# Happy Thanksgiving Everybody



## Greg King (Nov 21, 2007)

Hope y'all have a great one


----------



## Kacey (Nov 21, 2007)

A safe and happy holiday to all!


----------



## Xue Sheng (Nov 21, 2007)

Like the post title says...

Happy Thanksgiving Everybody


----------



## MA-Caver (Nov 21, 2007)

Feast well, then work out lots.


----------



## terryl965 (Nov 21, 2007)

MA-Caver said:


> Feast well, then work out lots.


 

Working out at 6 am eating at 2pm and working out again at 6 pm, have to say at my current pace to achieve my goal.

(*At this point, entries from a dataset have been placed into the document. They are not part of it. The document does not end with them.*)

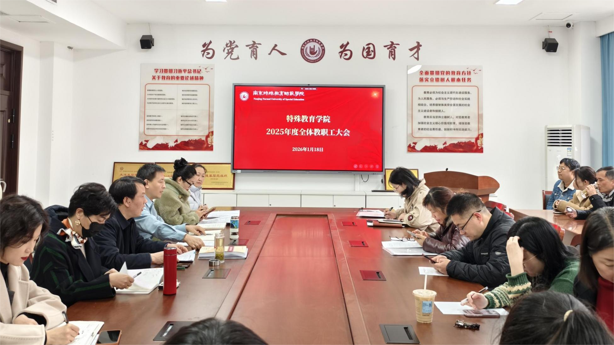 1月18日上午,特殊教育学院召开2025年度全体教职工大会,学院领导班子及全院教职工参加会议,会议由学院党委书记章小军主持。
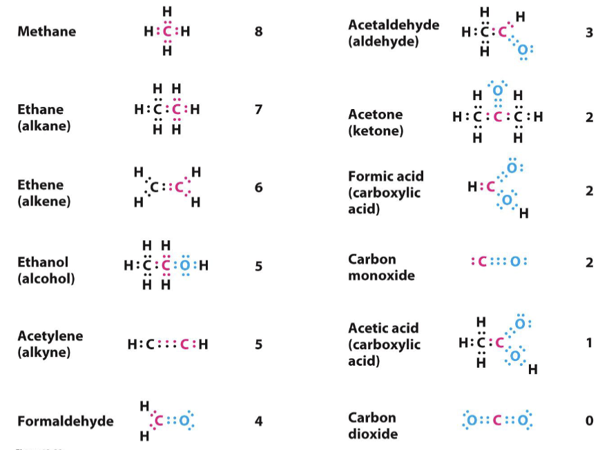 Fully oxidized carbon exists as CO2; fully reduced as alkanes (only H attached).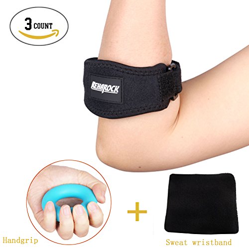 vEXTRA BONUS The elbow brace comes with a sweat wrist band and silicone hand grip, you will get 3 in 1 purchase. The 40-lb silicone hand gripper is used to strengthens the muscles and tendons in your arm to prevent future painful issues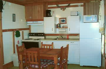 These 2 cabins each consist of one large room with 2 queen beds, full kitchen, and bathroom with a shower. These cabins comfortably sleep up to

Happy Thanksgiving all of you


----------



## Laurentkd (Nov 21, 2007)

sleeping at 6am, eating at 2pm and sleeping again at 6pm... that is my goal!!

Happy Turkey Da!


----------



## bluemtn (Nov 22, 2007)

Happy Thanksgiving!

My plans?  Waking at 6 am, pay for what I ordered, eat at 2pm, and again around 5pm, and SLEEEP!


----------



## Drac (Nov 22, 2007)

Happy Thanksgiving to you and yours..


----------



## Brian R. VanCise (Nov 22, 2007)

*Happy Thanksgiving!*


----------



## IcemanSK (Nov 22, 2007)

Have a great Thangsgiving Day, folks:ultracool


----------